Wednesday, November 30, 2011

Confession Part 1

                In my last post, I wrote about the importance of focusing on our hearts instead of our behavior.  I talked about Andy Stanley’s podcast series, It Came from Within, which is the same subject matter as his book Enemies of the Heart.  Most of the ideas in this post come directly from Stanley’s podcast.

                The first “enemy of the heart” that Stanley covers is guilt.  Guilt creeps into my heart when I wrong someone else.  Guilt is anger and disappointment with myself.  I messed up; I let myself down; I let you down; I let God down; I failed.  That anger and disappointment become a weight that I carry around, and if I don’t resolve my guilt, that weight will follow me into every future relationship.

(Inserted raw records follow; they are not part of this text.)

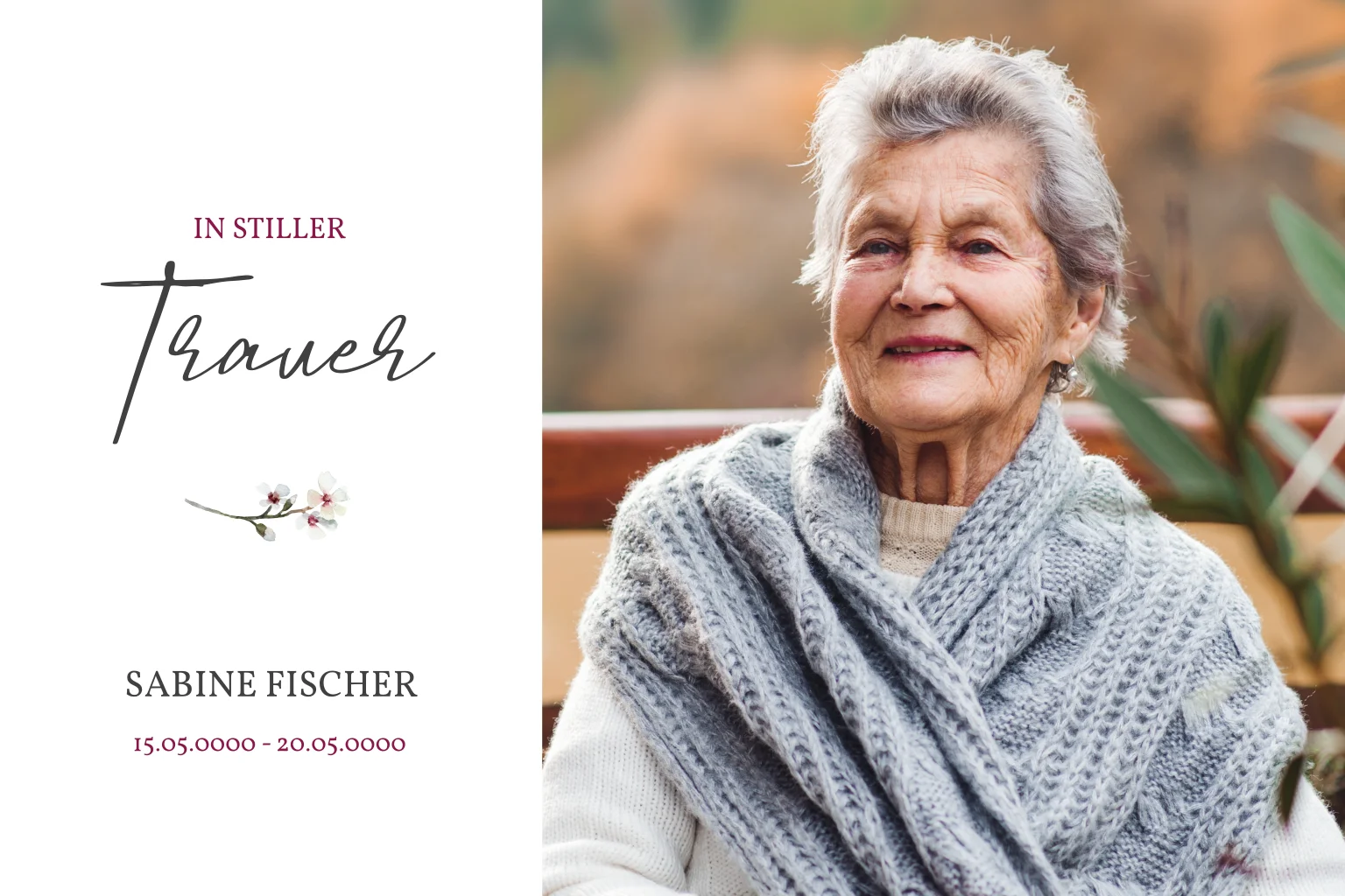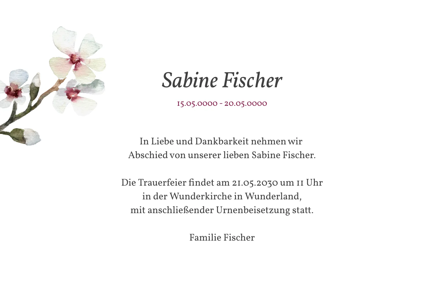 Mit der zarten Kirschblüte und dem Lieblingsfoto des Verstorbenen kündigen Sie seicht an, dass es Zeit ist, Abschied zu nehmen. Laden Sie im Anschluss an die Trauerfeier zum Beisammensein in einem Café ein, um gemeinsam in Erinnerungen zu schwelgen.
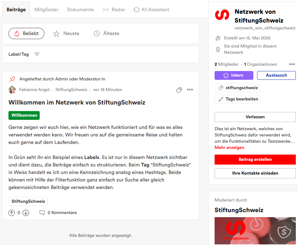 Damit Mitglieder Ihres Netzwerks besonders relevante Beiträge schneller zur Hand haben, können diese vom Admin angeheftet werden. Angeheftete Beiträge behalten Ihre Stellung zuoberst in der Beitragsreihenfolge.
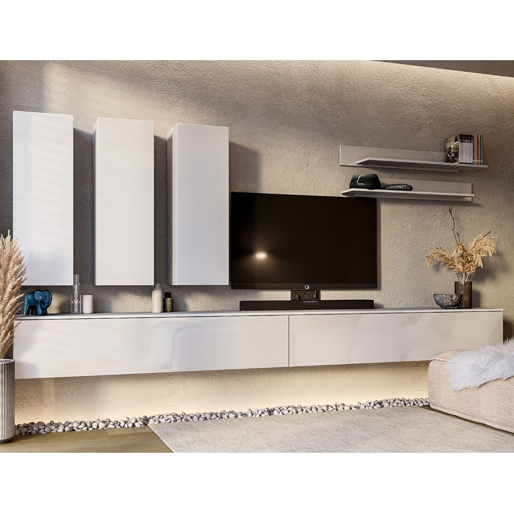 Ціна вказана за комплект, який ви бачите на фото. Ви можете вибрати вітальню з білим глянцевим або чорним глянцевим виконанням в залежності від вашого стилю і переваг.
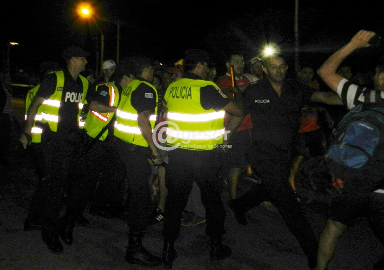 Primero se dio salida al ómnibus más afectado, allí debido a que varios de los hinchas estaban ebrios hubo algunas corridas y altercados con policías que trataban de hacerles entender que subieran al coche para ser escoltados y retirarlos hasta que lo lograron. El coche con sus choferes fue llevado a la seccional 2a. para realizar la denuncia correspondiente.
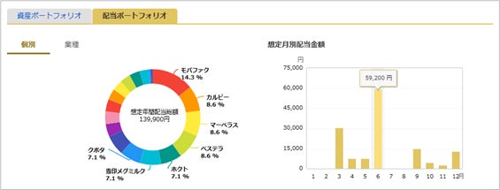 保有銘柄の想定年間配当総額に対する構成比率を表す円グラフと月別の想定配当金額を表す棒グラ
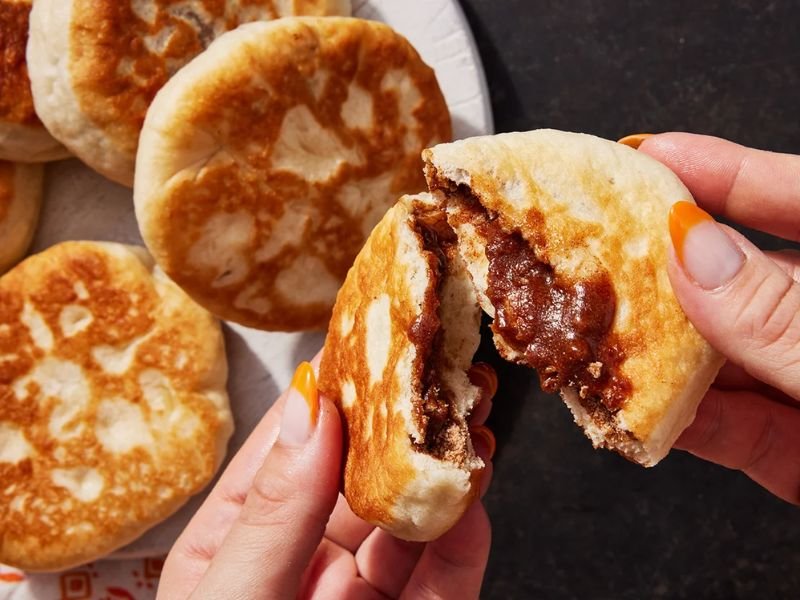 Hotteok is a sweet Korean pancake that’s especially popular during the winter season. The dough, made from wheat flour and yeast, is filled with a mixture of brown sugar, cinnamon, and chopped nuts before being pan-fried to golden perfection. When bitten into, the warm, melted sugar filling oozes out, creating a comforting treat that’s both chewy and crispy. Street vendors often sell Hotteok freshly made, filling the air with a sweet aroma. It’s a nostalgic snack that captures the warmth and sweetness of Korean winter traditions.

One way that guilt manifests itself is that it’s difficult to please a guilty person.  A guilty person subconsciously says, “I let myself down.  And since I didn’t meet my own expectations, I can’t allow you to meet my expectations, either.”

Another way that guilt manifests itself is that it often keeps us trapped in destructive behaviors.  Stanley gives the example of a student who cheats on a test.  If the child keeps his action a secret, how likely is it that he will cheat again?  It’s definitely a good possibility, even if the child feels a lot of remorse over his previous action.  But if the child chooses to confess that mistake to his teacher, what are the chances he will cheat again?  Not very high, right?  Facing the consequences of his poor choice will change his heart and his future choices. 

I believe that unconfessed guilt plays a huge role in porn addictions and other addictive behaviors.  The small amount of research I’ve read so far is consistent in saying that you simply cannot break an addiction on your own.  You must confess.  You must involve other people in your journey.  Keeping secrets will condemn you to failure again and again.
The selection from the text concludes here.